[Records contained in a dataset]
•••
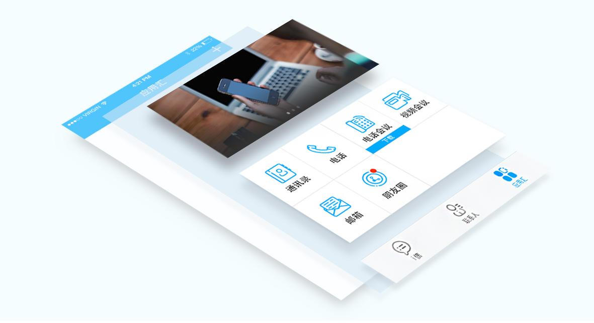 為(wèi)了使APP具(jù)有(yǒu)高度识别度和品牌意识,我们将“i”元素加入圆角图标中(zhōng),在传达商(shāng)務(wù)气质(zhì)的同时传递出独一无二的品牌创意。
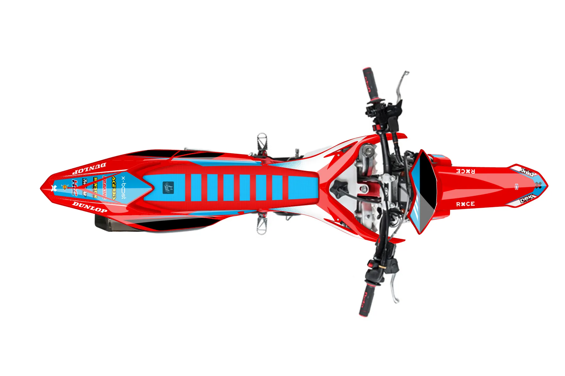«Showtime» — готовый комплект графики серии Maverick для Beta Enduro Graphic Kit Beta 480 2019. В комплекте: графика на бак и боковые облицовки, крылья (переднее и заднее), передний щиток, номерные таблички, защита вилки. Материал: ПВХ-винил 80 мкр с холодной ламинацией 300 мкр, общая толщина 380 мкр; покрытие глянцевое или матовое на выбор. Устойчив к UV-излучению, воде, бензину и мойке высокого давления. Клей акриловый на сольвентной основе — постоянный, для гибких пластиков. На простых поверхностях монтируется без нагрева; для сложных изгибов рекомендуем фен. Этот пресет можно заказать как есть или взять за основу в конструкторе: поменять цвета, добавить стартовый номер и свой бренд. Производство — 3–5 рабочих дней, доставка по России СДЭКом или Почтой, по СНГ — курьерскими службами.
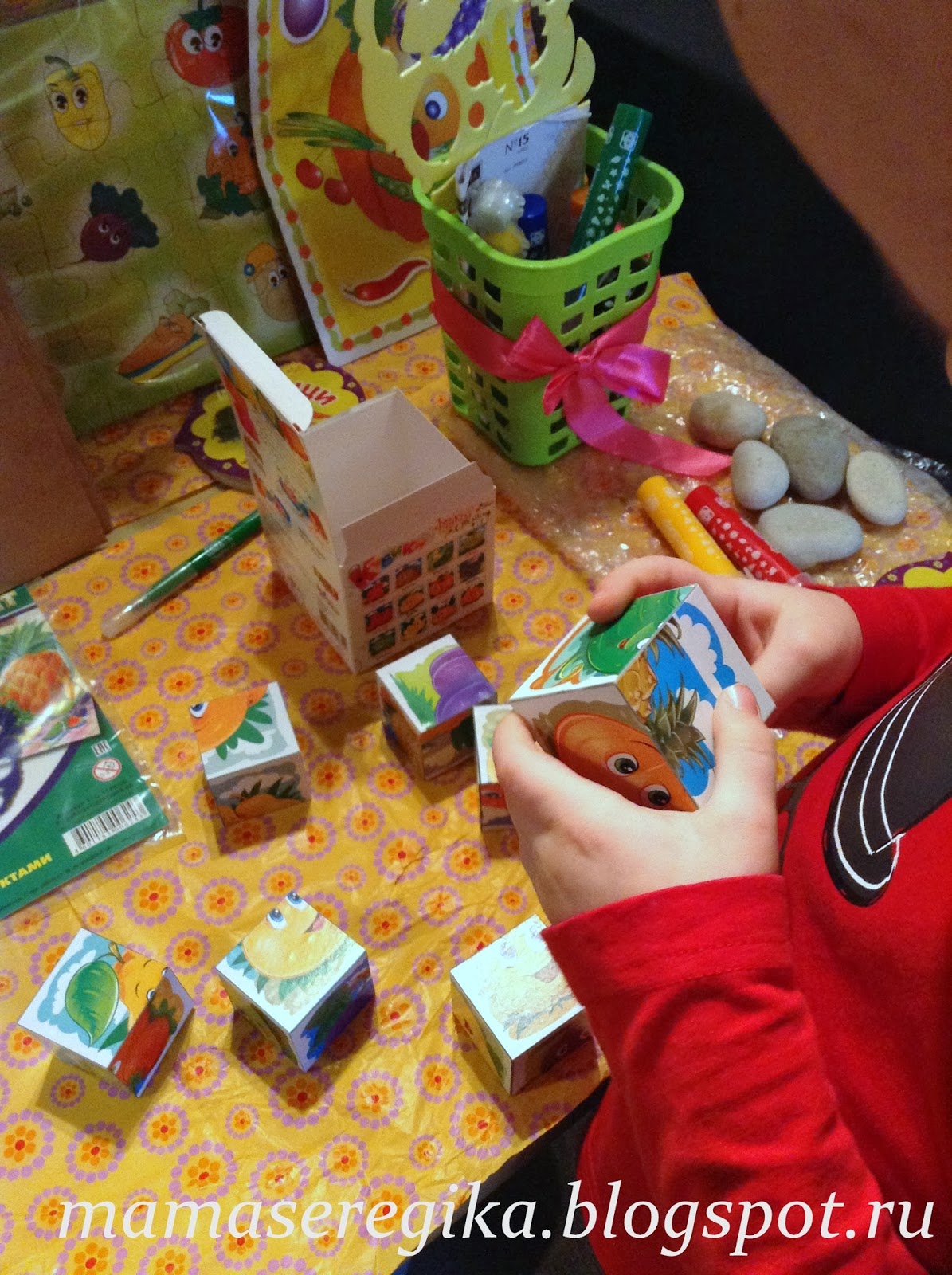 очень понравился набор кубиков с фруктами и овощами, яркие картинки, которые не сложно собрать, а это так приятно ребенку, когда что то получается сразу хорошо.
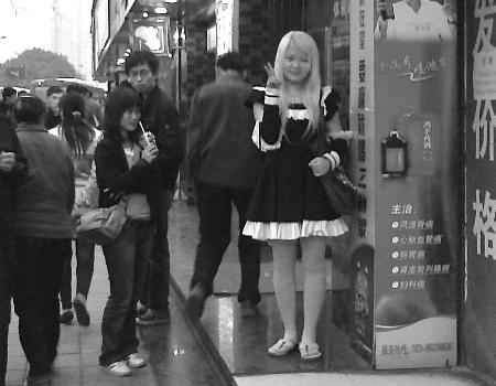 台湾有女仆装的理发店、上海有女仆装的咖啡馆,而在重庆街头,也出现了一位穿黑色女仆装的金发女孩,仿佛来自日本动画片中的人物。《动漫人物?90后穿女仆装逛街》,报网互动4月19日就报道了这样一位17岁的日系“动漫族”潮人。据悉,这位女孩是一位地道的日系“动漫族”,有时候是女巫装,有时则是人型电脑装,不管天气如何,几乎每天她都会按照日本动漫角色的穿着出门……
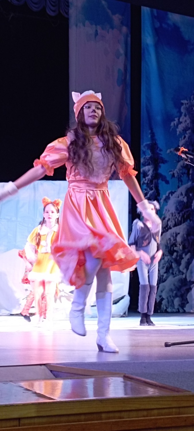 После торжественной части, вниманию детей была представлена инсценировка, подготовленная обучающимися объединений Центра развития творчества детей и юношества по произведению русского поэта Николая Некрасова, под названием: «Однажды в студёную зимнюю пору…». Если помнят читатели, мы в школьные годы разучивали это стихотворение из поэмы Некрасова «Крестьянские дети». С первых минут представления сказочные герои увлекли зрителей в волшебный мир чудес. В театрализованном сказочном представлении были задействованы образцовый коллектив «Театральная мозаика», яркую музыкальную составляющую обеспечили хореографические коллективы – «Забава» и «Грация», вокальный ансамбль «Весёлые голоса». Эмоциональный мини-спектакль, олицетворяющий взаимопонимание, дружбу и сплочённость сказочных персонажей – Лешия, Бабы Яги, лесных зверей с Дедом Морозом и Снегурочкой, стал настоящим новогодним подарком для юных зрителей.
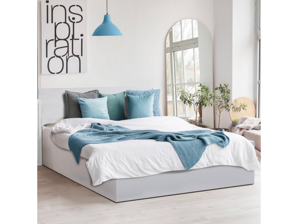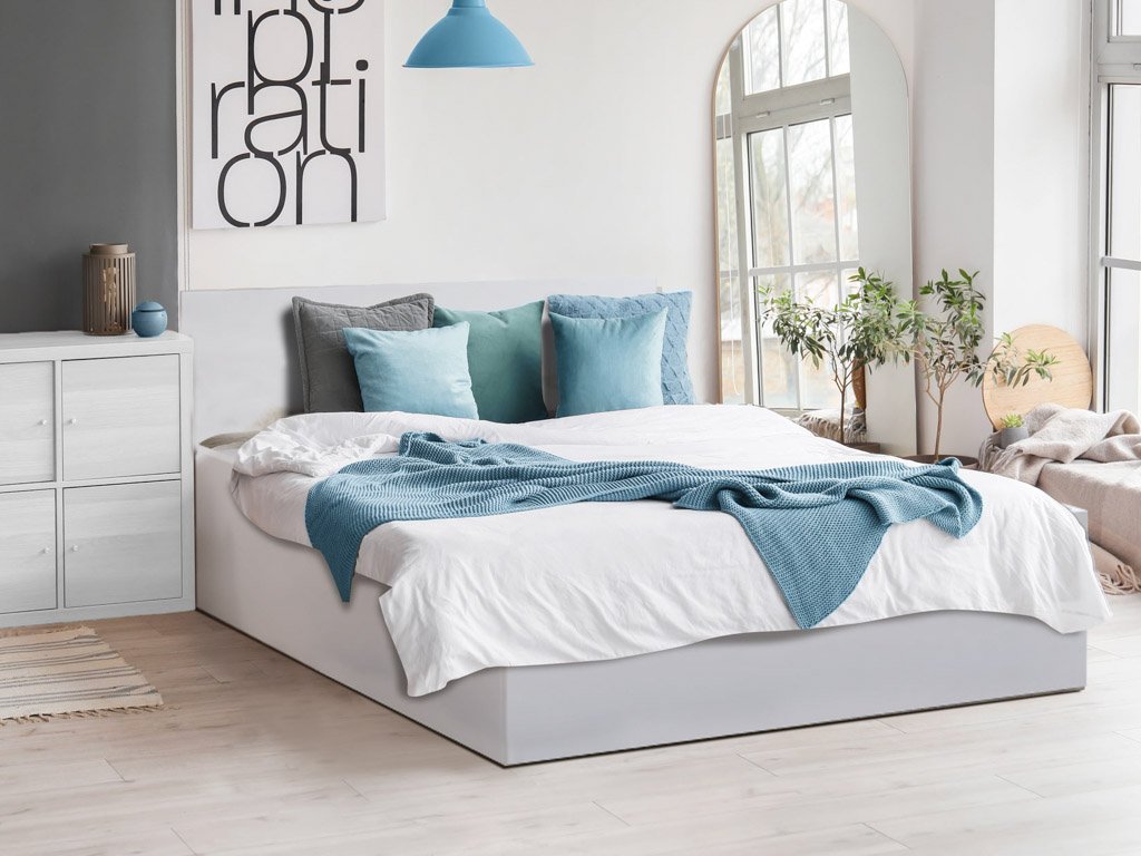 Weiße Farbe des BettesEin modernes Interieur und klare Linien können durch ein Bett in weißer Farbe geschaffen werden. Diese neutrale Farbe ist seit vielen Jahren beliebt und kehrt erneut an die Spitze der Beliebtheit zurück. Es wirkt frisch und luftig, lässt sich leicht mit anderen Farbtönen und auch dunkleren Farben abstimmen. Das Schlafzimmer wirkt entspannend und ruhig.
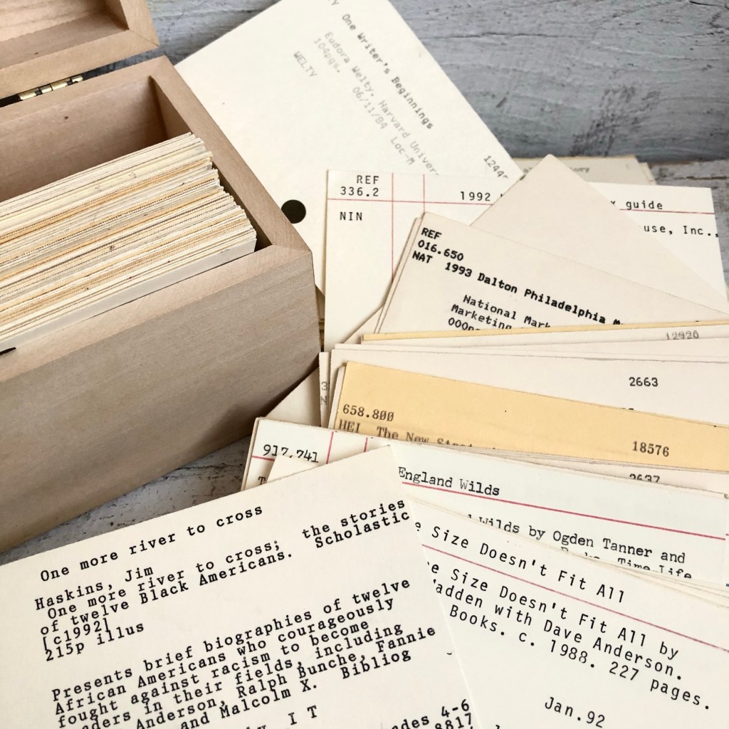I have a beautiful set of vintage library cards that my mom gave me years ago for my birthday. I cherish them and have kept them tightly locked away in a box waiting for the perfect project. But, if I’ve learned anything the past few years, it’s that there is no such thing as perfect and the best way to begin is just to take a leap of faith and dive in. So, that’s what I’m doing.
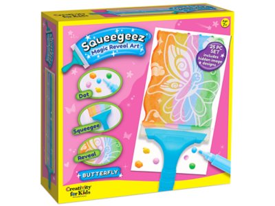 Dot, squeegee, and reveal with this magical painting set! Young artists create butterfly art by applying dots of paint and using the squeegee to reveal 3 whimsical surprise images. Try different painting patterns like zigzags, rainbows and swirls to add texture and effects to your art—and use the holographic stickers for an extra-special touch. Kit includes 5 tubes of acrylic paint, 3 sheets of hidden images, 4 sheets of cardstock, a practice paper pad, holographic stickers, sticky tack, a squeegee tool and instructions; cardstock measures 9" x 5".
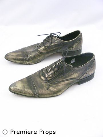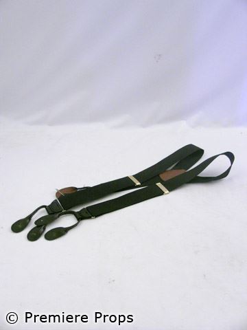 Floyd's (Bernie Mac) screen worn, hero, dark gold cotton/poly "Dolce & Gabbana" l/s 2 button suit jacket (size 54), black wool w/ tuxedo stripe "Zanella" slacks (size 38), black w/ self stripe "Ike Behar" l/s button up shirt (made to order), black silk "Prada" skinny neck tie, black w/ gold detail suspenders, black pleated silk w/ silver buckles cummerbund, black/green/gold glass squares on gold studs cufflinks, gold brushed leather "Aldo" lace up shoes (size 42)
•••
# WHAT THIS TASK INVOLVES
All lines from the one containing "I have a beautiful" to the last line of the records above, both included, need to be repeated word for word; omit the pictures.

# ANSWER SECTION
I have a beautiful set of vintage library cards that my mom gave me years ago for my birthday. I cherish them and have kept them tightly locked away in a box waiting for the perfect project. But, if I’ve learned anything the past few years, it’s that there is no such thing as perfect and the best way to begin is just to take a leap of faith and dive in. So, that’s what I’m doing.
 Dot, squeegee, and reveal with this magical painting set! Young artists create butterfly art by applying dots of paint and using the squeegee to reveal 3 whimsical surprise images. Try different painting patterns like zigzags, rainbows and swirls to add texture and effects to your art—and use the holographic stickers for an extra-special touch. Kit includes 5 tubes of acrylic paint, 3 sheets of hidden images, 4 sheets of cardstock, a practice paper pad, holographic stickers, sticky tack, a squeegee tool and instructions; cardstock measures 9" x 5".
 Floyd's (Bernie Mac) screen worn, hero, dark gold cotton/poly "Dolce & Gabbana" l/s 2 button suit jacket (size 54), black wool w/ tuxedo stripe "Zanella" slacks (size 38), black w/ self stripe "Ike Behar" l/s button up shirt (made to order), black silk "Prada" skinny neck tie, black w/ gold detail suspenders, black pleated silk w/ silver buckles cummerbund, black/green/gold glass squares on gold studs cufflinks, gold brushed leather "Aldo" lace up shoes (size 42)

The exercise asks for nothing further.